Animal experiments were approved by the Animal Ethics Committee of SYSUCC (No. L102042021010I) and Guidelines for the Care and Use of Laboratory Animals were strictly followed. Five‐week‐old female BALB/c nude mice were purchased from Guangdong Medical Laboratory Animal Center (Guangzhou, China). Wild type or knockdown UMUC3 cells were subcutaneously inoculated into the posterior axilla of the mice (1.5 × 106 cells in 0.1 ml phosphate‐buffered saline [PBS]). The length (L) and width (W) of the tumour were measured using callipers every 3 days for 3 weeks. Tumour volume was calculated using the following equation: volume (mm3) = L × W 2 × 0.5.

2.10. RNA‐Seq analysis

RNA‐Seq analysis of ZBTB11 sgRNA and ZBTB11 sgNC cells was performed by Novagene Co. Ltd. (China) using a NovaSeq 6000 system (Illumina, San Diego, CA) with 1 × 106 cells per sample. RNA‐Seq results were aligned with human genome GRCh38 (Hg38) using HISAT2 version 2.0.5 (http://daehwankimlab.github.io/hisat2/).

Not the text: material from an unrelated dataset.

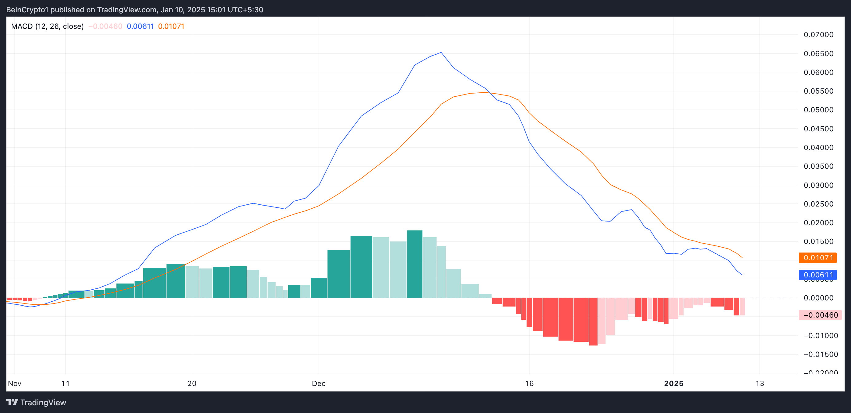 Kapag ganito ang setup ng indicator na ito, ito ay nagpapahiwatig ng bearish momentum. Ibig sabihin nito ay mas marami ang nagbebenta kaysa sa bumibili sa mga market participant, na naglalagay ng malaking downward pressure sa presyo nito.

2.11. Real‐time polymerase chain reaction analysis

Total RNA was prepared using an RNA purification kit (Tiangen, Beijing, China) followed by a genomic DNA wipe and reverse transcription using the HiScript III 1st Strand cDNA synthesis kit (Vazyme, Nanjing, China). Real‐time polymerase chain reaction (RT‐PCR) with reverse transcription was performed using a Light Cycler 480 (Roche Diagnostics, Basel, Switzerland) with SYBR Green PCR Master Mix (Vazyme). The 2−ΔΔCT method was used to calculate relative gene expressions. GAPDH was used as the housekeeping gene. The sequences of the primers used are listed in Table S2.

2.12. Flow cytometry analysis

After being cultured in 6‐well plates for 2 days, cells were digested and centrifuged with trypsin without ethylenediaminetetraacetic acid. They were then washed twice with ice‐cold PBS (pH: 7.2–7.4) and suspended in binding buffer at 1 × 106 cells per ml. A total of 500 μl of cell suspension was stained for 15 min in darkness at 25°C with 5 μl of Annexin V‐FITC (51‐65874X; BD, Franklin Lakes, NJ) and 5 μl of PI (51‐66211E; BD). Cells were analysed using flow cytometry within 1 h of preparation. The results were analysed using CytExpert Setup 2 software version 4.0.28 (Beckman Coulter Life Sciences, Indianapolis, IN).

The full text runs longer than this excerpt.